Background Osteoarthritis (OA), also known as degenerative arthritis or degenerative joint disease, affects millions of people around the world. Intra-articular (IA) drug delivery can be a useful modality in OA treatment, delivering a drug directly to the main focus of the disease. The therapeutic effect of IA drug depends mostly on the efficacy of the drug delivery system, due to the short retention time and rapid clearance of soluble drugs from the joint. Kartogenin is a recently characterized material that promotes the selective differentiation of mesenchymal stem cells (MSCs) into chondrocytes, thus stimulating cartilage regeneration [1].

Objectives We developed an intra-articular (IA) drug delivery system to treat osteoarthritis (OA) that consisted of kartogenin conjugated chitosan (CHI-KGN). The aim of this study was to (1) characterize the CHI-KGN particles for sustained release and chondrogenic activity in vitro, (2) evaluate the CHI-KGN particles as novel IA drug delivery systems for IA retention and regeneration of OA joint in vivo.

Methods Kartogenin was conjugated with low-molecular-weight chitosan (LMWCS) and medium-molecular-weight chitosan (MMWCS) by covalent coupling of kartogenin to each chitosan using an ethyl (dimethylaminopropyl) carbodiimide (EDC)/N-hydroxysuccinimide (NHS) catalyst. The particular drug delivery systems were prepared by an ionic gelation of the CHI-KGN conjugate with tripolyphosphate (TPP) anion that can interact with cationic chitosan by electrostatic forces.

Results Nanoparticles (NPs, 150±39 nm) or microparticles (MPs, 1.8±0.54 μm) were successfully fabricated from kartogenin conjugated-LMWCS and –MMWCS, respectively, by an ionic gelation using TPP. The in vitro release profiles of kartogenin from the particles showed sustained release for 7 weeks. When the effects of the CHI-KGN NPs or CHI-KGN MPs were evaluated on the in vitro chondrogenic differentiation of human bone marrow MSCs (hBMMSCs), the CHI-KGN NPs and CHI-KGN MPs induced higher expression of chondrogenic markers from cultured hBMMSCs than unconjugated kartogenin.

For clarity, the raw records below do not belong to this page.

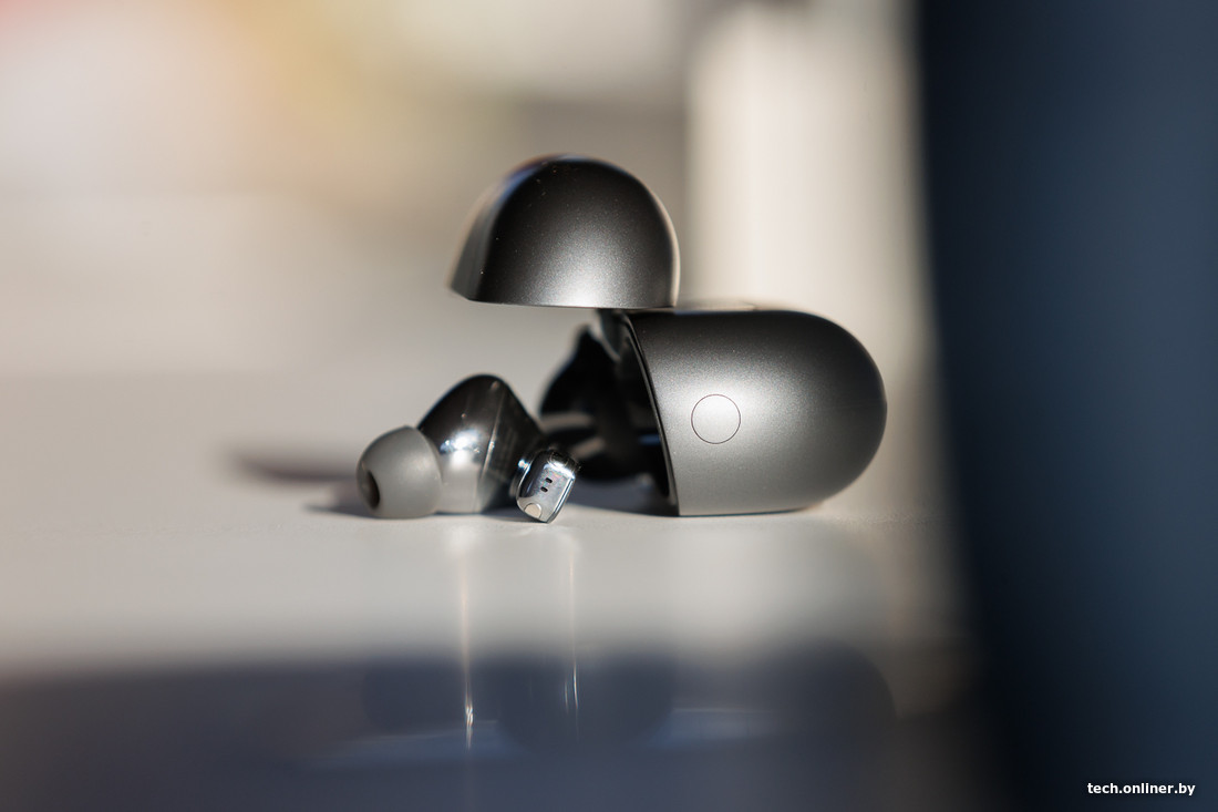 Но и реальные результаты не самые стыдные. Вне кейса, с активированным шумодавом наушники продержатся около четырех часов. Что до самого кейса, то его заряда хватит на полные сутки. С 0 до 100% наушники заряжаются в кейсе примерно за 40 минут, а тот — чуть больше, чем за час. Так что с автономностью здесь все окей — нужно еще постараться, чтобы остаться с полностью разряженными наушниками.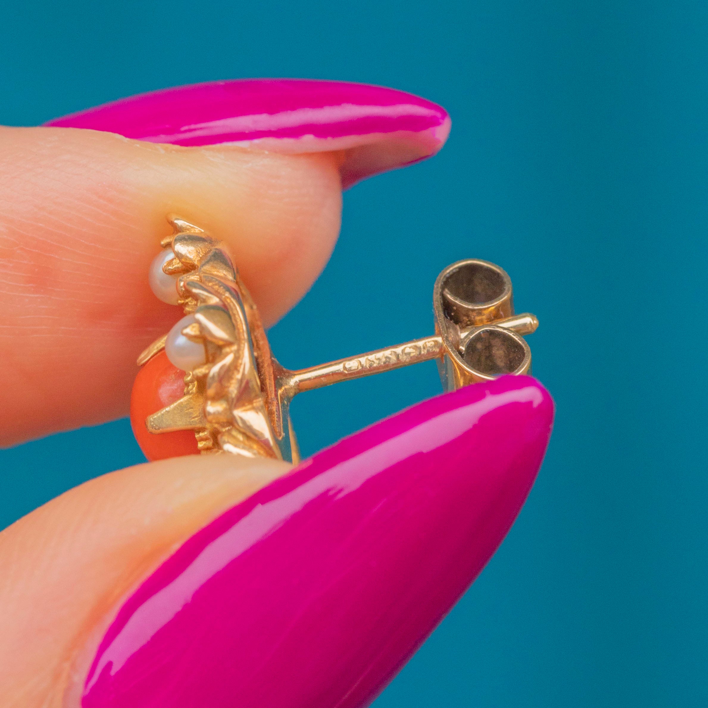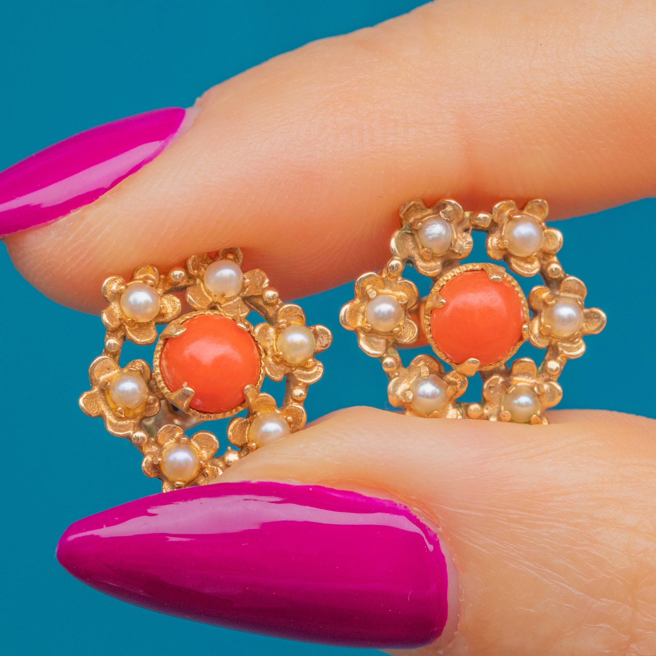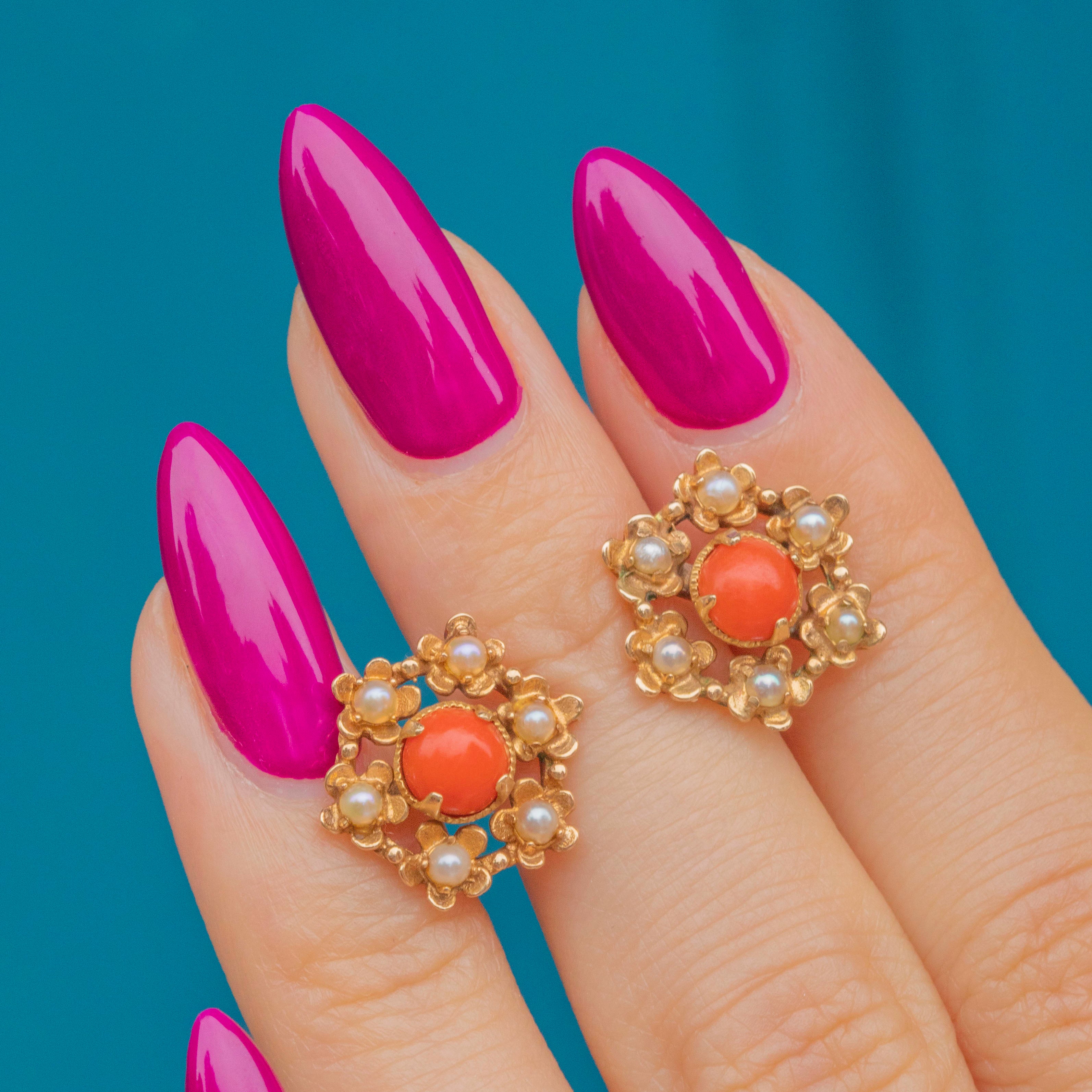 These mid-century vintage studs are formed from solid 9ct Gold and centred by apricot-hued Coral haloed by iridescent Seed Pearls, combining to create a sophisticated colour palette.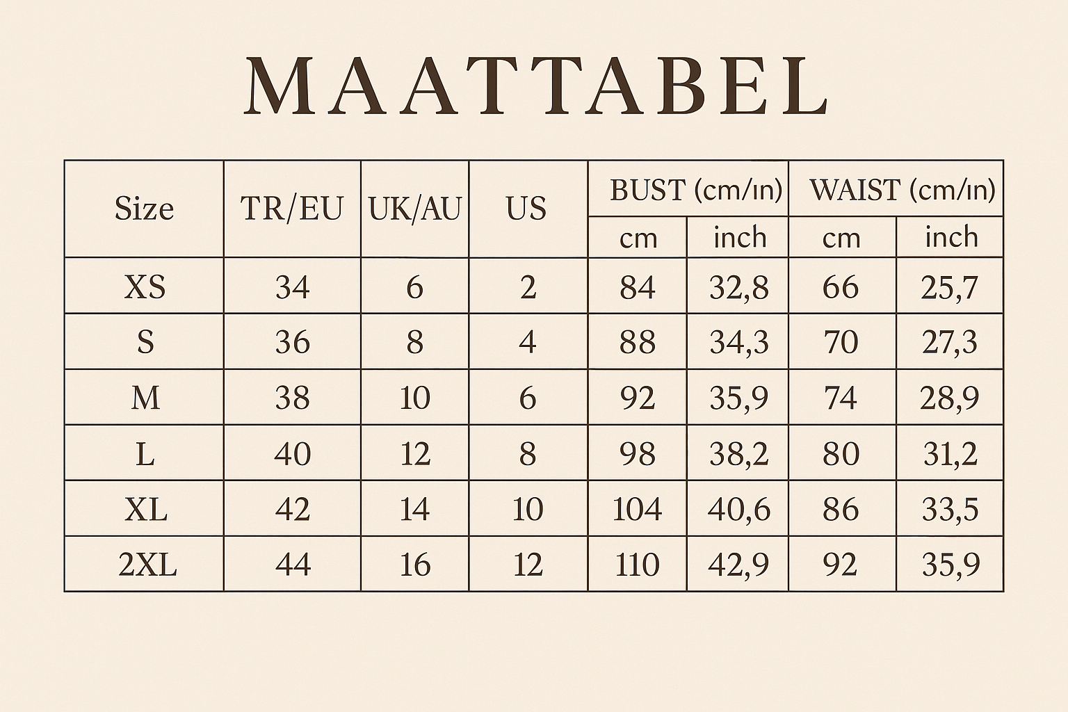 Twijfel je over de maat? Stuur ons een berichtje en we helpen je snel!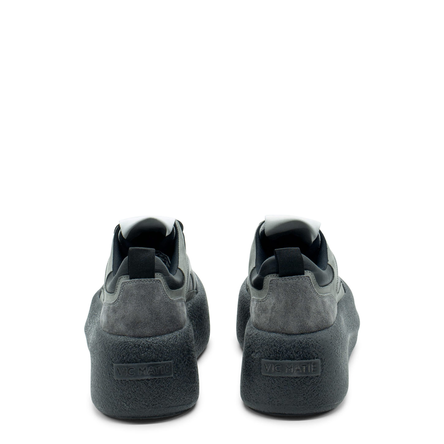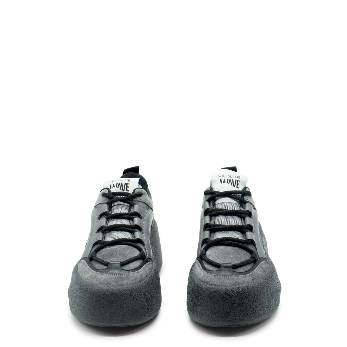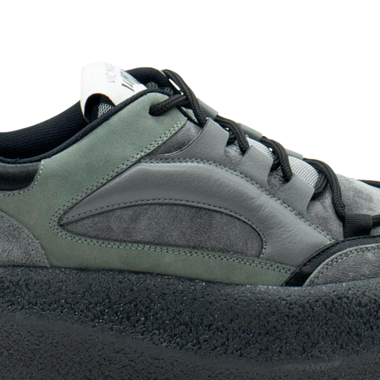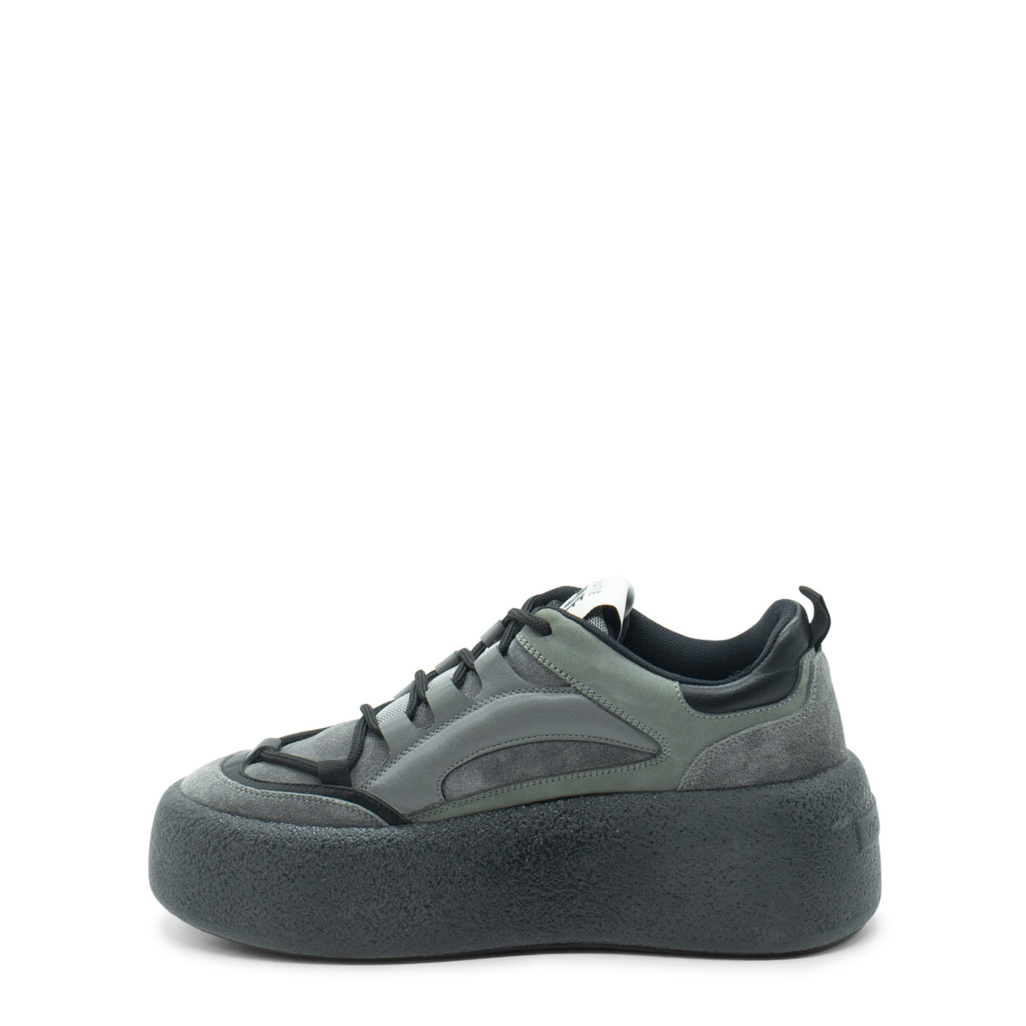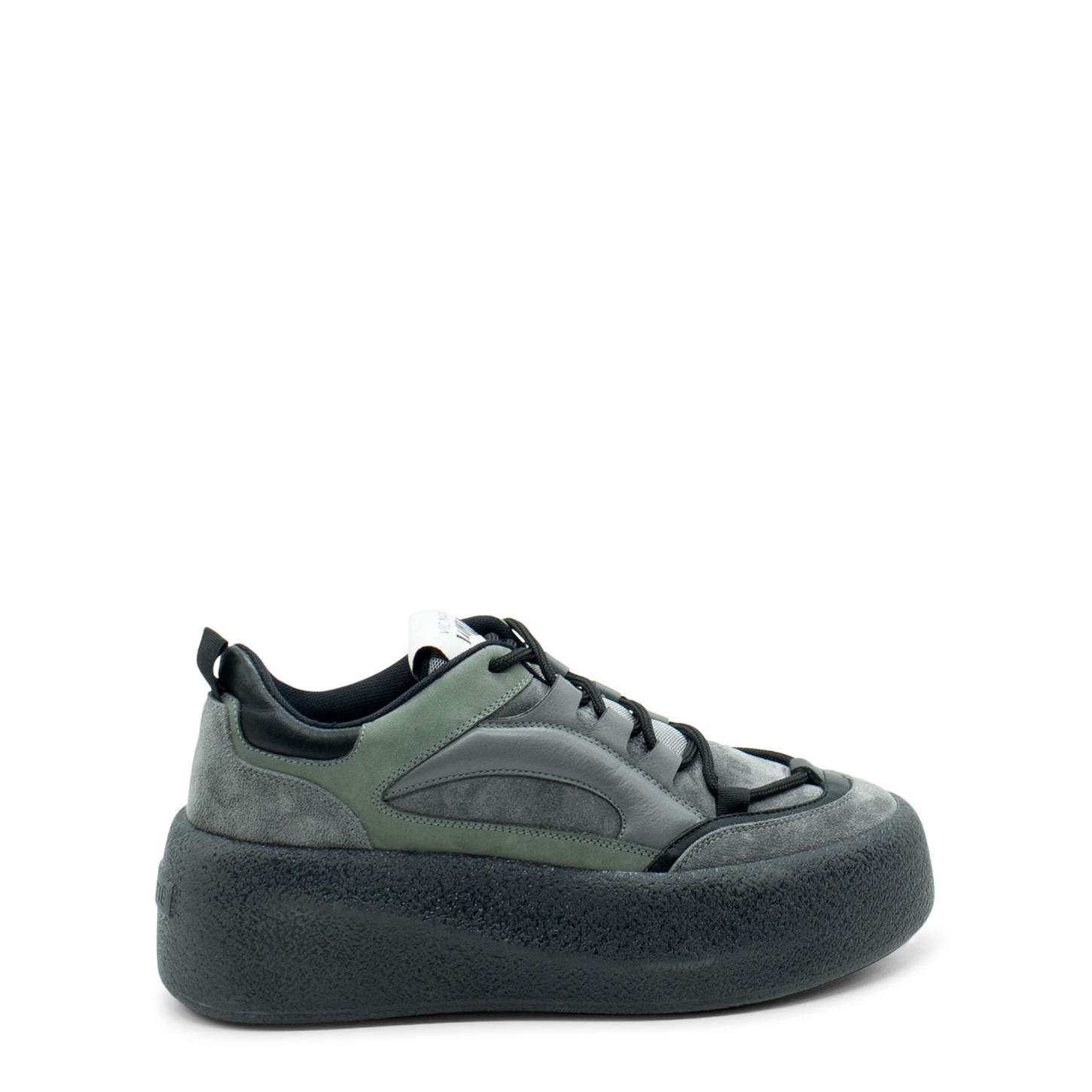 Creepy sneakers grigia/nera realizzata in crosta e nabuk con riporti in pelle tono su tono e spoiler a contrasto. Platform in para con leggera sporgenza esterna. Morbido plantare ricoperto pelle. Made in Italy.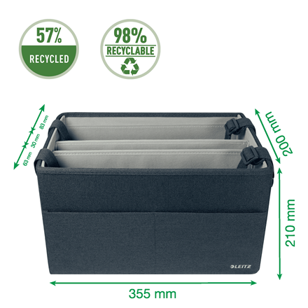 Dzięki produktom z kolekcji Leitz Fabric poczujesz się jak w domu wszędzie tam, gdzie zaprowadzą Cię obowiązki zawodowe. Minimalistyczne wzornictwo oraz eleganckie matowe wykończenie w kolorze ciemnoszarym pozwolą Ci zachować zarówno styl, jak i porządek w biurze, w domu, kiedy pracujesz hybrydowo lub przemieszczasz się między różnymi lokalizacjami. Kompaktowa torba na akcesoria Leitz Fabric, do pracy przy ?gorących biurkach? posiada trzy oddzielne przegrody, które umożliwiają przechowywanie i przenoszenie wszystkiego, co może być Ci potrzebne w nadchodzącym dniu. Ta nowoczesna i praktyczna torba do przechowywania pomieści laptopa o przekątnej do 14 cali, kompaktową klawiaturę, mysz, kabel do ładowania, zestaw słuchawkowy, notatnik i butelkę na wodę. Mieści się w szafkach o minimalnych wymiarach 370 x 210 mm i wysokości 220 mm. Nadaje się również jako torba dla nauczyciela. Wykonana jest z miękkiej tkaniny wzmocnionej tekturą pochodzącą z recyklingu, która zwiększa jej trwałość i wytrzymałość. Materiały pochodzące z recyklingu stanowią 57%. Torbę można złożyć, dzięki czemu jest łatwa do przechowywania, gdy nie jest używana. Posiada zawieszkę imienną, która ułatwia odszukanie torby w przestrzeniach wspólnych. Torba na akcesoria do pracy przy ?gorących biurkach? z regulowanymi uchwytami do przenoszenia idealnie sprawdzi się w domu, w biurze lub w szkole - pomoże Ci być produktywnym i zrelaksowanym przez cały dzień.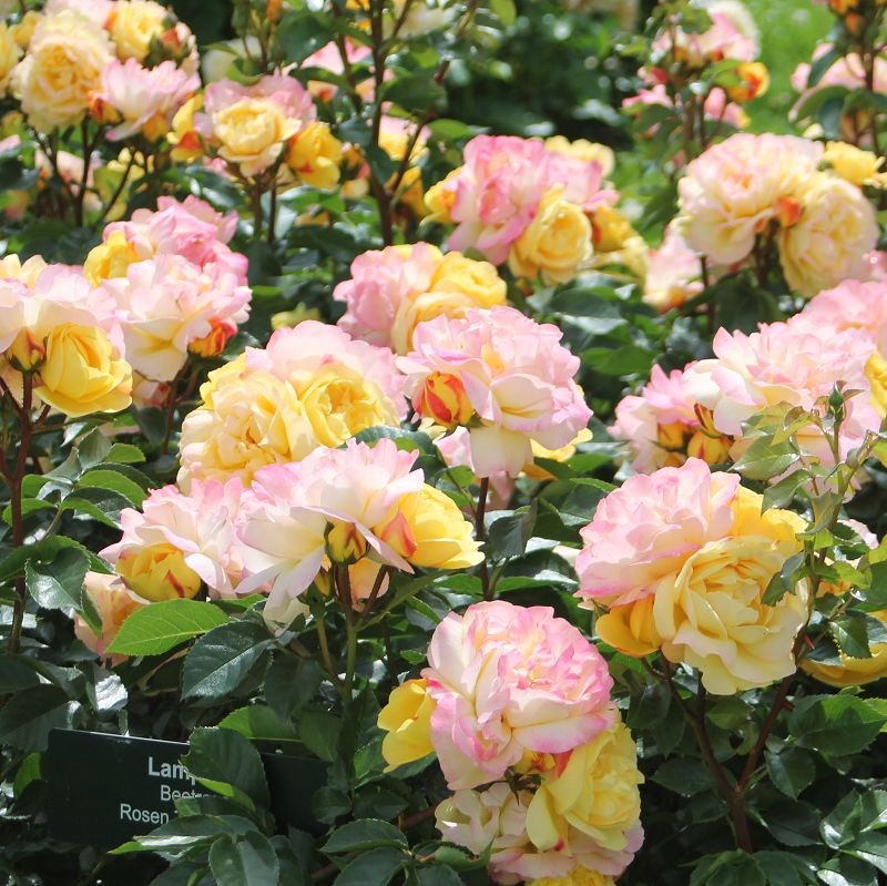 Energingai auganti floribunda rožė. Augalai yra ypač krūminiai, išaugina daug ūglių ir yra atsparūs. Palyginti vėlai pasirodančios gėlės primena apvalius popierinius žibintus. Vidutinio dydžio žiedai ryškiai geltoni, labai pilni ir dvižiedžiai. Išorinėje žiedlapių pusėje yra raudona liepsna. Lampion žydi tankiai išpuoštais žiedynais, dažniausiai su 3–4 šoniniais pumpurais. Lapija intensyvi tamsiai žalia, labai blizgi ir itin sveika.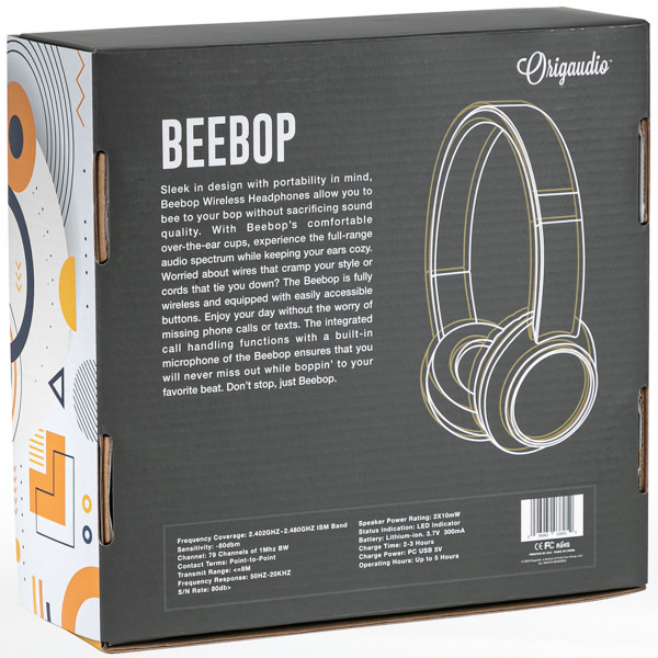 The Beebop™ Wireless Headphones deliver a full-range audio spectrum with effective outside noise reduction, ensuring an immersive listening experience. Equipped with a built-in microphone, these headphones allow for seamless call handling and text notifications, keeping you connected without interrupting your music. The Beebop™ Wireless Headphones combine functionality and convenience, making them an excellent choice for everyday use.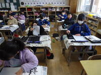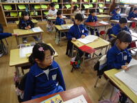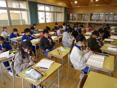 5年2組では、国歌「君が代」の練習に、大変熱心に取り組んでいました。

In particular, hBMMSCs treated with CHI-KGN NPs exhibited more distinct chondrogenic properties in the long-term pellet cultures than those treated with CHI-KGN MPs. The in vivo therapeutic effects of CHI-KGN NPs or CHI-KGN MPs were investigated using a surgically-induced OA model in rats. The CHI-KGN MPs showed longer retention time in the knee joint than the CHI-KGN NPs after IA injection in OA rats. The rats treated with CHI-KGN NPs or CHI-KGN MPs by IA injection showed much less degenerative changes than untreated control or rats treated with unconjugated kartogenin.

Conclusions In conclusion, CHI-KGN NPs or CHI-KGN MPs can be useful polymer-drug conjugates for an IA drug delivery system to treat OA.

References

  1. Johnson K et al. A stem cell-based approach to cartilage repair. Science 2012;336:717-21.

Acknowledgements This work was supported by a grant from the National Research Foundation of Korea (NRF-2013R1A1A2062978). The funder had no role in study design, data collection and analysis, decision to publish, or preparation of the manuscript.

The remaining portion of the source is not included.